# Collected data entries
Start of Block

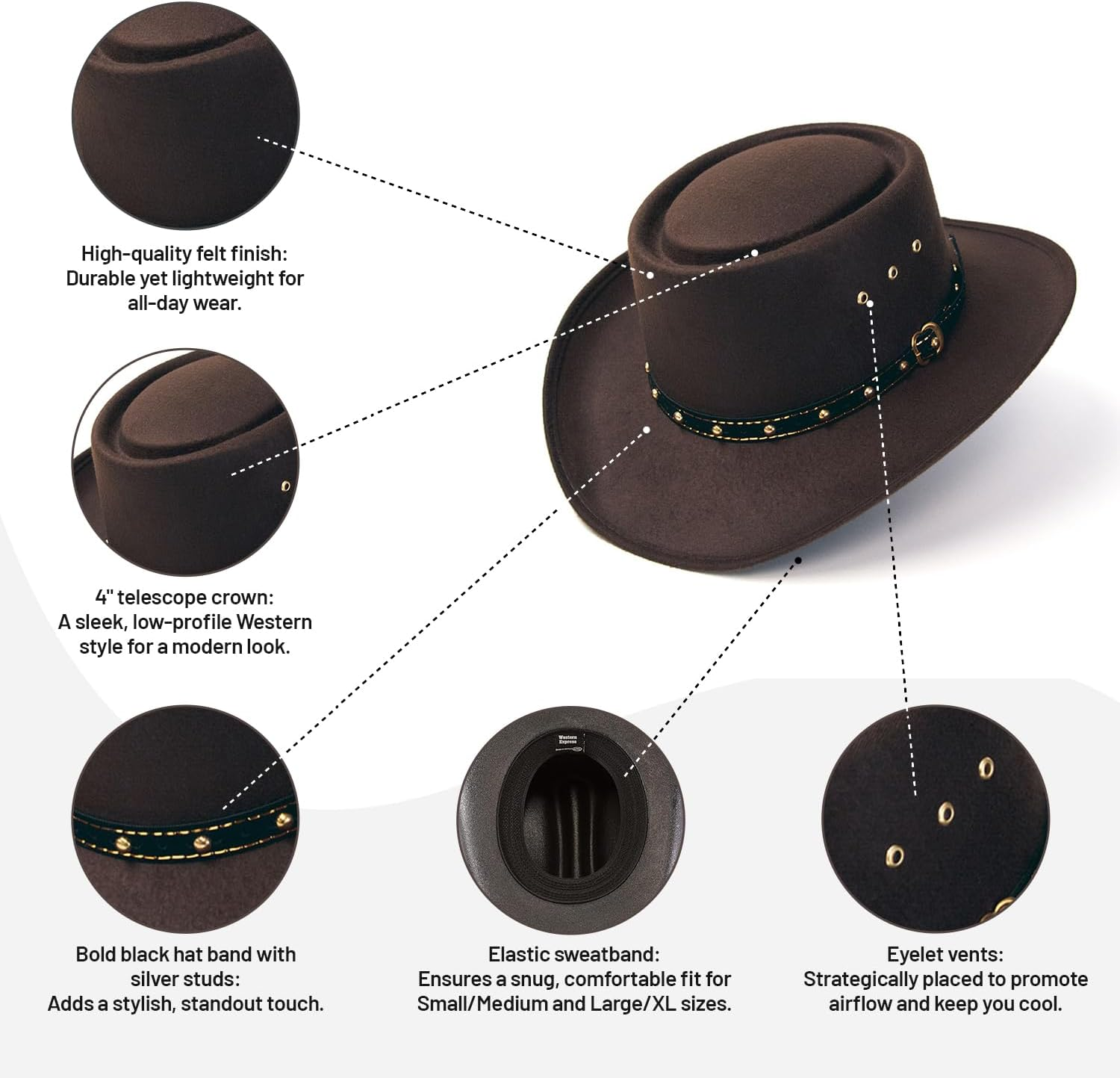 Store New Arrivals Add to Favorite View Feedback Contact Felt Finish Western Gambler Hat - Telescope Crown with Silver Studded Hat Band | Cowboy Hats for Men and Women Description Department mens Color Brown Size Small-Medium Product Description This timeless Gambler-style hat, featuring a premium felt finish and a Gold-studded black hatband, is designed for those who value classic Western sophistication. Perfect for ranch work, festivals, rodeos, or everyday cowboy and cowgirl wear, it’s also an excellent choice for casual outings, outdoor events, or adding a touch of Western charm to country-themed and Halloween parties. Classic Design: Features a 4" telescope crown and a 3 1/2" low brim, embodying the quintessential gambler style. Stylish Hatband: The brown hatband is embellished with gold studs, enhancing its Western appeal. Retro Brim: The 3 1/2" low brim offers subtle elegance and effective sun protection, embodying the classic gambler style Enhanced Ventilation: Gold-tone eyelet vents are strategically placed to ensure breathability, keeping you cool during warm weather. Outdoor Activities: Offers sun protection with a 3 1/2" low brim and breathable vents, making it ideal for ranch work or casual outings in style and comfort. Country-Western Events: Perfect for rodeos, festivals, and themed parties, this Gambler-style hat adds authentic Western flair to your look and makes you stand out. Costume Accessory: Add authenticity to country-themed or Halloween costumes with a distinctive telescope crown and gold-studded brown hatband. Underside: Sweat-Resistant Comfort The underside features a sweat-resistant lining to keep you dry and comfortable all day, while the elastic fit-all band ensures a sleek design and secure fit for adults. Our Western Style Cattleman Straw Hat Durable straw hat with 4 1/4" crown, rolled brim, black hatband, and silver conchos. Available in sizes A53-A63, S/M (CA-4E-M), and L/XL (CA-4E-L). Our Brown Felt Finish Cattleman Hat Classic brown hat with 4 1/2" crown, retro brim, and gold-tone hatband. Available in sizes A53-A63, S/M (CA-4E-M), and L/XL (CA-4E-L). 1. What materials are used in this hat, and how durable is it? Made with 70% polyester and 30% cotton, the felt finish ensures durability and a structured feel, perfect for everyday use or Western-themed events. Is the hat suitable for both men and women? Yes! This Gambler-style hat suits both men and women, combining timeless Western charm with a sleek, modern design. How does the hat fit, and what sizes are available? Features an elastic fit-all band for comfort, fitting Small/Medium and Large/XL sizes. Perfect for a secure fit across various head sizes. Can this hat be worn for special occasions Absolutely! Ideal for rodeos, festivals, Halloween, and everyday outings, it’s a standout Western accessory. What makes this hat unique compared to other cowboy hats? The telescope crown, low retro brim, and gold-studded band make it a bold Western statement, while the chin strap-free design adds modern sophistication. ABOUT US We offer the best prices around on high quality products. Our E-store includes media such as books, movies, music and games while offering electronics, toys, sporting apparel, clothing, tools, general home, garden items and more. SHIPPING We are always working hard to ensure your package arrives as soon as possible. Please understand that some factors like weather, high postal traffic, and the performance of shipping companies are outside of our control. We offer free shipping to the lower 48 states and ship within 2 business days of payment, usually sooner. We do not accept P.O. Boxes. Please provide a physical address. For shipping outside of the continental USA, we only use eBay's Global Shipping Program.The item is shipped to KY and then sent to the rest of the world. International customers are responsible for all duties and taxes. Continue to check out in order to calculate costs for shipping the item to your country. Messages regarding eBay's Global Shipping Program MUST be directed at eBay EXCLUSIVELY. RETURNS We offer a 30-Day Return Policy on items which you are not completely satisfied with. You have the option for a full-refund or an exchange of the item. No returns are available on items shipped outside of the USA. PAYMENT We accept PayPal. CONTACT US This page content is yet to come Please ad us to your favorite seller and visit again later Thank You CUSTOMER SATISFACTION We try our very best to make sure every customer is completely satisfied. If there's a problem, message us! We're happy to help. WE ACCEPT Copyright © 2021 AutoDS. | All Rights Reserved
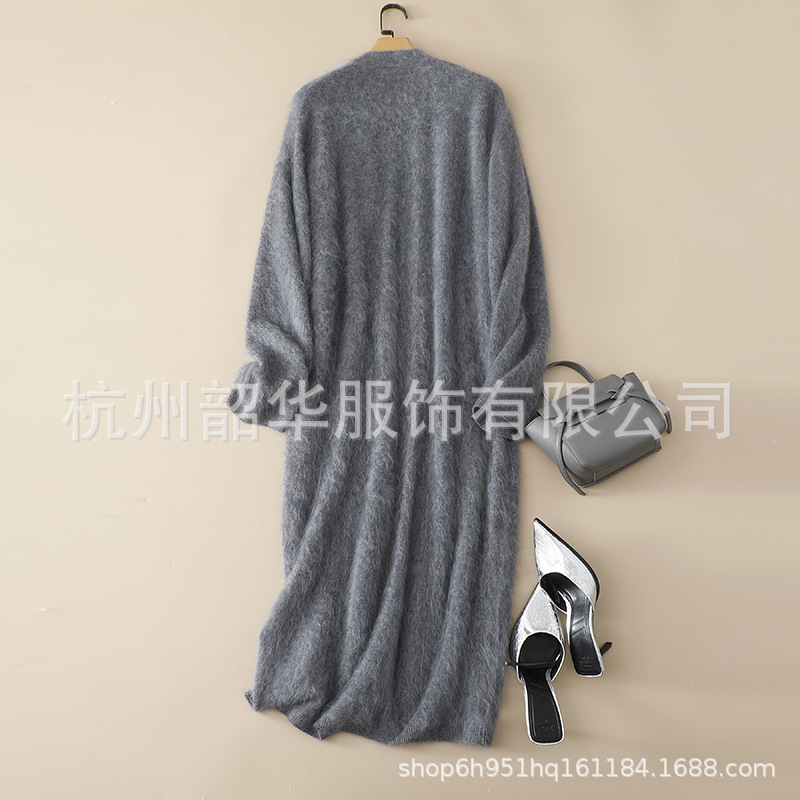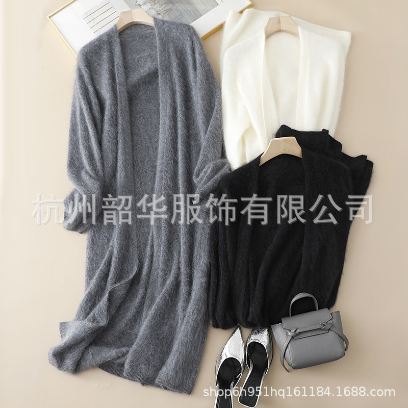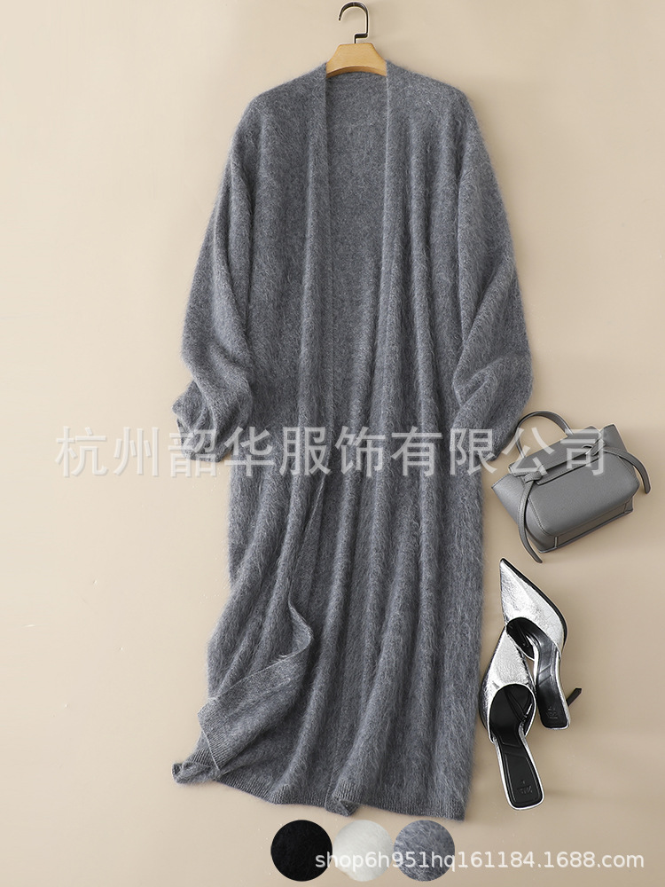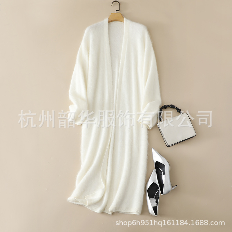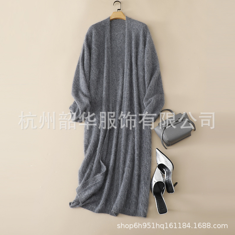 Ленивый высококачественный роскошный кашемировый кашемировый пушистый длинный свитер без пряжки длинный кардиган темперамент модный простой сдержанный пиджак
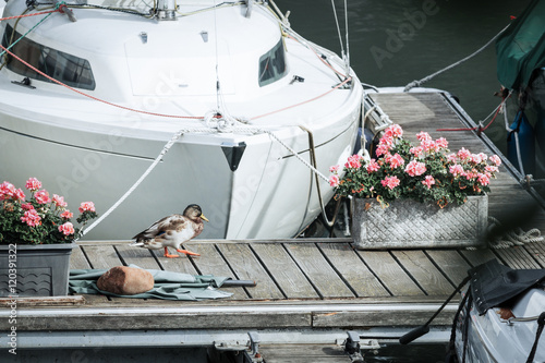 © v.poth, Fototapeta premium Ente schreitet über Bootssteg vor weißer Yacht im Sporthafen
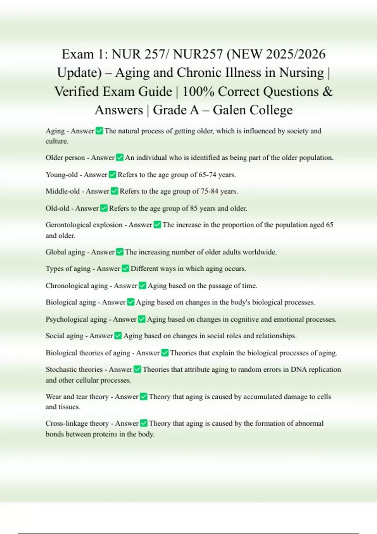 Sociological theories of aging - Answer Theories that explain the social aspects of aging.
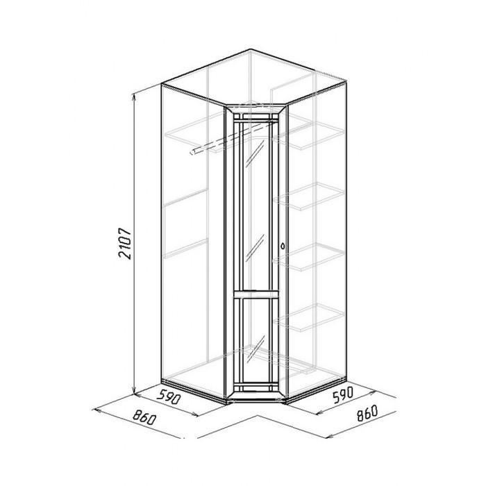 Шкаф оснащён несъёмной штангой длиной 81 см, полками для белья и автоматической подсветкой, которая включается при открытии дверей. Изготавливается только с левым фасадом (определяется по расположению петель). По габаритам подходит для модулей глубиной 590 мм. Рядом можно установить угловую полку.
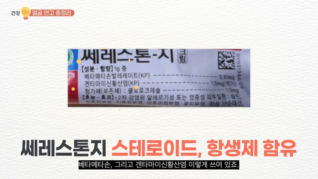 당연히 안 됩니다. 연고 오남용으로 내원하신 분들이 사용하는 대표적인 연고가 바로 쎄레스톤지입니다. 쎄레스톤지 성분을 보면 베타메타손 그리고 겐타마이신 황산염이라고 쓰여 있습니다.

End of Block

# What you should do
In repeating the entries, exclude the pictures and alter nothing else.

# Your response
 Store New Arrivals Add to Favorite View Feedback Contact Felt Finish Western Gambler Hat - Telescope Crown with Silver Studded Hat Band | Cowboy Hats for Men and Women Description Department mens Color Brown Size Small-Medium Product Description This timeless Gambler-style hat, featuring a premium felt finish and a Gold-studded black hatband, is designed for those who value classic Western sophistication. Perfect for ranch work, festivals, rodeos, or everyday cowboy and cowgirl wear, it’s also an excellent choice for casual outings, outdoor events, or adding a touch of Western charm to country-themed and Halloween parties. Classic Design: Features a 4" telescope crown and a 3 1/2" low brim, embodying the quintessential gambler style. Stylish Hatband: The brown hatband is embellished with gold studs, enhancing its Western appeal. Retro Brim: The 3 1/2" low brim offers subtle elegance and effective sun protection, embodying the classic gambler style Enhanced Ventilation: Gold-tone eyelet vents are strategically placed to ensure breathability, keeping you cool during warm weather. Outdoor Activities: Offers sun protection with a 3 1/2" low brim and breathable vents, making it ideal for ranch work or casual outings in style and comfort. Country-Western Events: Perfect for rodeos, festivals, and themed parties, this Gambler-style hat adds authentic Western flair to your look and makes you stand out. Costume Accessory: Add authenticity to country-themed or Halloween costumes with a distinctive telescope crown and gold-studded brown hatband. Underside: Sweat-Resistant Comfort The underside features a sweat-resistant lining to keep you dry and comfortable all day, while the elastic fit-all band ensures a sleek design and secure fit for adults. Our Western Style Cattleman Straw Hat Durable straw hat with 4 1/4" crown, rolled brim, black hatband, and silver conchos. Available in sizes A53-A63, S/M (CA-4E-M), and L/XL (CA-4E-L). Our Brown Felt Finish Cattleman Hat Classic brown hat with 4 1/2" crown, retro brim, and gold-tone hatband. Available in sizes A53-A63, S/M (CA-4E-M), and L/XL (CA-4E-L). 1. What materials are used in this hat, and how durable is it? Made with 70% polyester and 30% cotton, the felt finish ensures durability and a structured feel, perfect for everyday use or Western-themed events. Is the hat suitable for both men and women? Yes! This Gambler-style hat suits both men and women, combining timeless Western charm with a sleek, modern design. How does the hat fit, and what sizes are available? Features an elastic fit-all band for comfort, fitting Small/Medium and Large/XL sizes. Perfect for a secure fit across various head sizes. Can this hat be worn for special occasions Absolutely! Ideal for rodeos, festivals, Halloween, and everyday outings, it’s a standout Western accessory. What makes this hat unique compared to other cowboy hats? The telescope crown, low retro brim, and gold-studded band make it a bold Western statement, while the chin strap-free design adds modern sophistication. ABOUT US We offer the best prices around on high quality products. Our E-store includes media such as books, movies, music and games while offering electronics, toys, sporting apparel, clothing, tools, general home, garden items and more. SHIPPING We are always working hard to ensure your package arrives as soon as possible. Please understand that some factors like weather, high postal traffic, and the performance of shipping companies are outside of our control. We offer free shipping to the lower 48 states and ship within 2 business days of payment, usually sooner. We do not accept P.O. Boxes. Please provide a physical address. For shipping outside of the continental USA, we only use eBay's Global Shipping Program.The item is shipped to KY and then sent to the rest of the world. International customers are responsible for all duties and taxes. Continue to check out in order to calculate costs for shipping the item to your country. Messages regarding eBay's Global Shipping Program MUST be directed at eBay EXCLUSIVELY. RETURNS We offer a 30-Day Return Policy on items which you are not completely satisfied with. You have the option for a full-refund or an exchange of the item. No returns are available on items shipped outside of the USA. PAYMENT We accept PayPal. CONTACT US This page content is yet to come Please ad us to your favorite seller and visit again later Thank You CUSTOMER SATISFACTION We try our very best to make sure every customer is completely satisfied. If there's a problem, message us! We're happy to help. WE ACCEPT Copyright © 2021 AutoDS. | All Rights Reserved
 Ленивый высококачественный роскошный кашемировый кашемировый пушистый длинный свитер без пряжки длинный кардиган темперамент модный простой сдержанный пиджак
 © v.poth, Fototapeta premium Ente schreitet über Bootssteg vor weißer Yacht im Sporthafen
 Sociological theories of aging - Answer Theories that explain the social aspects of aging.
 Шкаф оснащён несъёмной штангой длиной 81 см, полками для белья и автоматической подсветкой, которая включается при открытии дверей. Изготавливается только с левым фасадом (определяется по расположению петель). По габаритам подходит для модулей глубиной 590 мм. Рядом можно установить угловую полку.
 당연히 안 됩니다. 연고 오남용으로 내원하신 분들이 사용하는 대표적인 연고가 바로 쎄레스톤지입니다. 쎄레스톤지 성분을 보면 베타메타손 그리고 겐타마이신 황산염이라고 쓰여 있습니다.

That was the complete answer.